De esos años serían también sus dos más sólidas aportaciones al género dramático, La señorita de Tacna y Kathie y el hipopótamo. Después de una intensa vida política que nos llevó a pensar que por desgracia perderíamos a uno de los más sólidos y lúcidos escritores latinoamericanos de las más recientes seis décadas (“La política saca a flote lo peor del ser humano”), Vargas Llosa regresó a su vocación primera y donde pasará a la historia. Con nuevos bríos, y luego de la escritura del autobiográfico El pez en el agua donde exorcizó a los demonios de su derrota por la presidencia de su país, y aunque dándose el mismo tiempo de antes para lo que se llama “la cocina de la escritura”, vinieron después Lituma en los Andes, Los cuadernos de don Rigoberto, La fiesta del chivo, El paraíso en la otra esquina (maravilloso diálogo, en dos tiempos distintos y distantes, de Gauguin y su abuela Flora Tristán), Travesuras de la niña mala y El sueño del celta.

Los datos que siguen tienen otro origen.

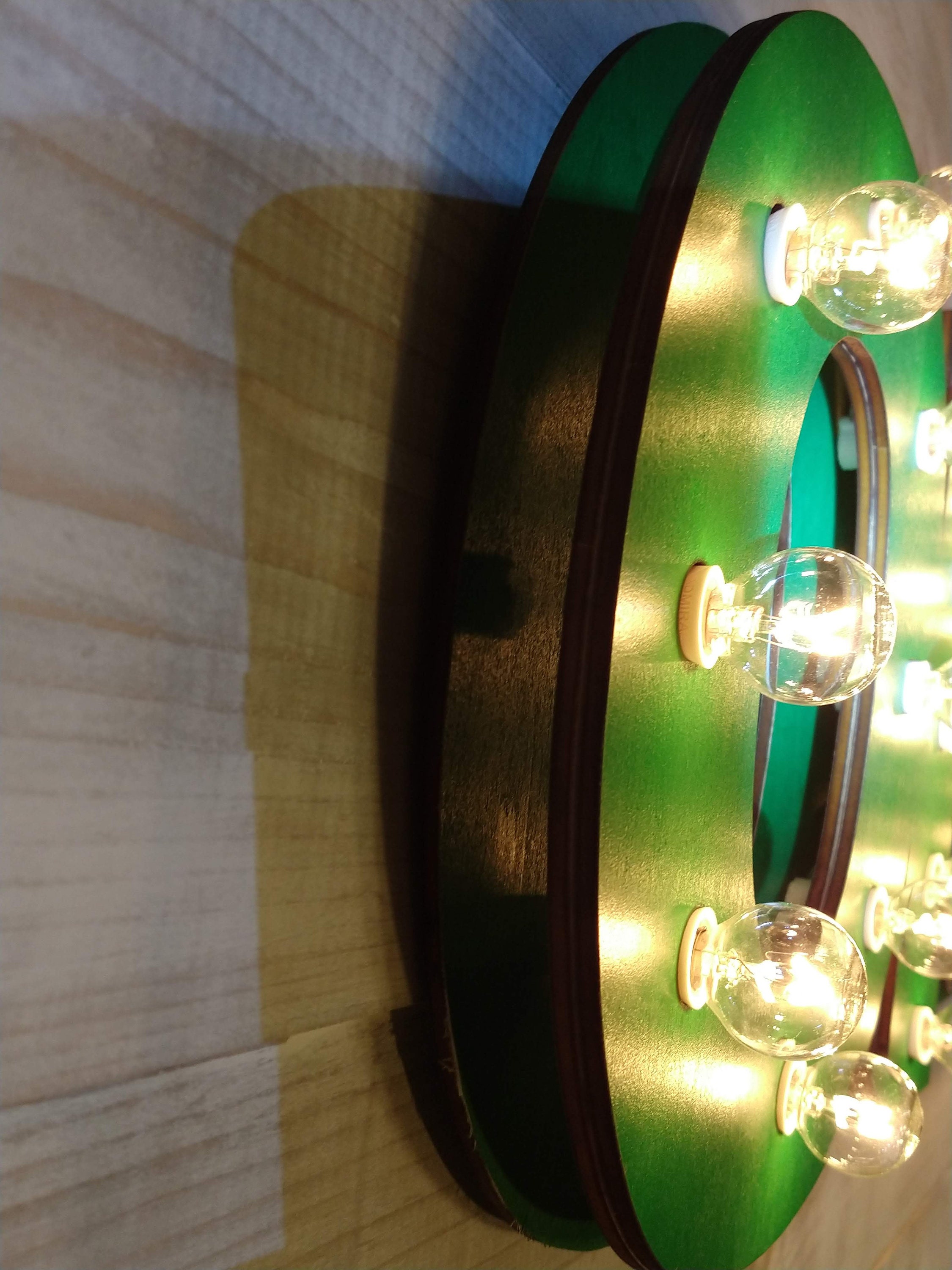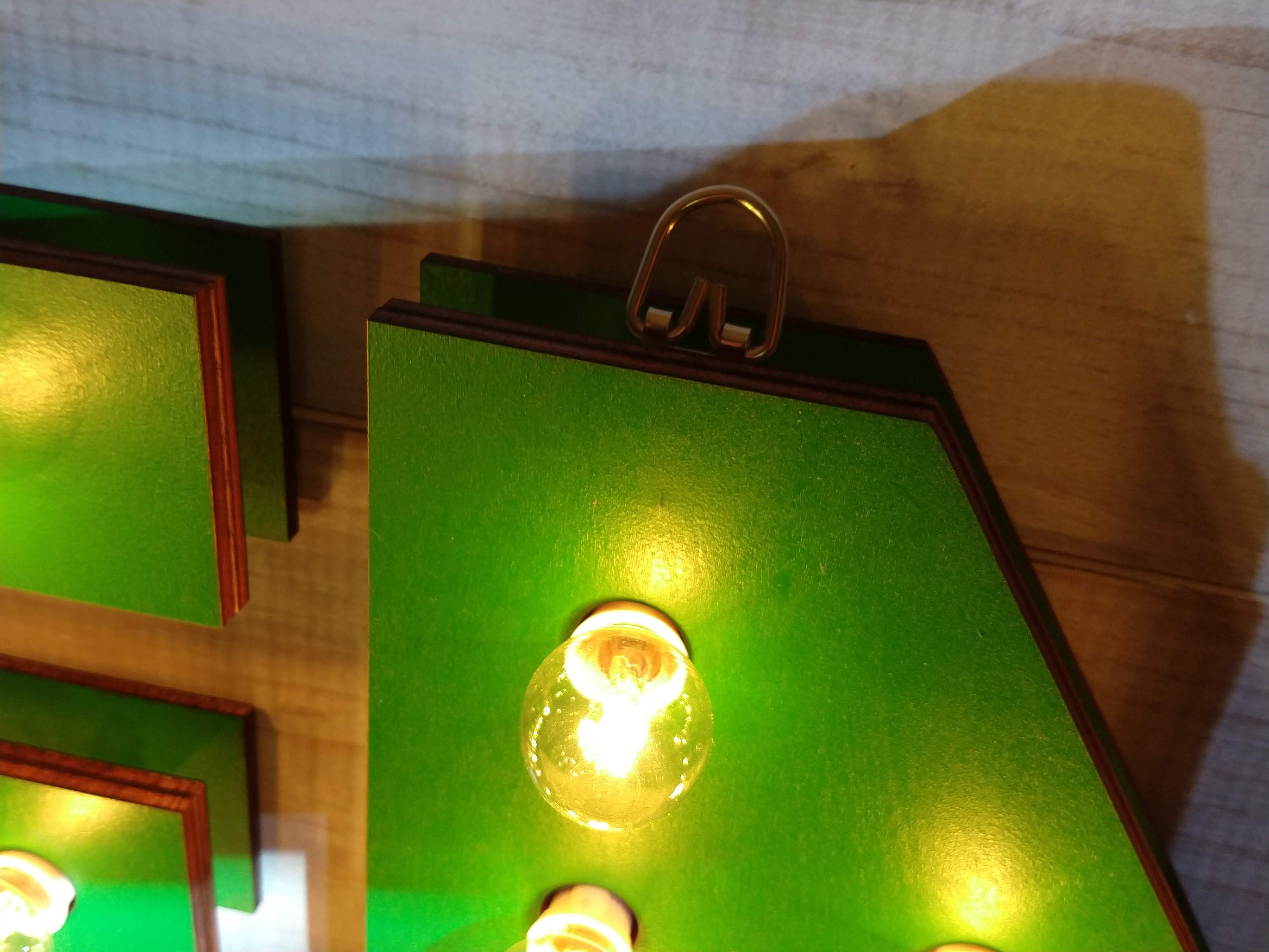 Each piece is laser cut from birch plywood, Hand painted with Marquee lights. The lights are 120 volt with On-off switch on cord. The sign has option of finished back or open back which will show cords and sockets. will have D Rings and saw clips for Hanging.

Un no menos extraordinario y lúcido ensayista, punto y aparte es su más que visionario acercamiento a la obra de García Márquez, concebido cuando todavía no se habían distanciado, Historia de un deicidio, hasta la fecha el más importante estudio en torno a la obra del autor (el otro Premio Nobel del boom) de Cien años de soledad. No menos apasionante e imprescindible es su otro gran ensayo en derredor de un narrador y una obra igualmente indispensables en su formación literaria (“Seríamos peores de los que somos sin los buenos libros que leímos”), La tentación de lo imposible: Víctor Hugo y Los miserables.

No menos elocuente es su tesis contenida en La verdad de las mentiras, que de alguna manera esgrime la tesis poética de su deslumbrante narrativa, y los tres tomos que contienen buena parte de su producción periodística, Contra viento y marea, constituyen una invaluable lección para quienes ofician o estudian esta profesión que el propio Vargas Llosa reconocía indispensable en su contacto y comunicación con el mundo. Otros dos libros cardinales en el tránsito protagónico de este además notable pensador e intelectual, ambos memorables, son su no menos sorprendente declaración de afecto y admiración por otro de los más grandes escritores del siglo XX, argentino universal, Medio siglo con Borges (“La perfección absoluta no parece de este mundo, ni siquiera en obras artísticas de creadores que, como Borges, estuvieron más cerca de lograrla”) y su gran ensayo en torno a los más aberrantes embelecos de un mundo actual ensoberbecido en su liviandad, La civilización del espectáculo.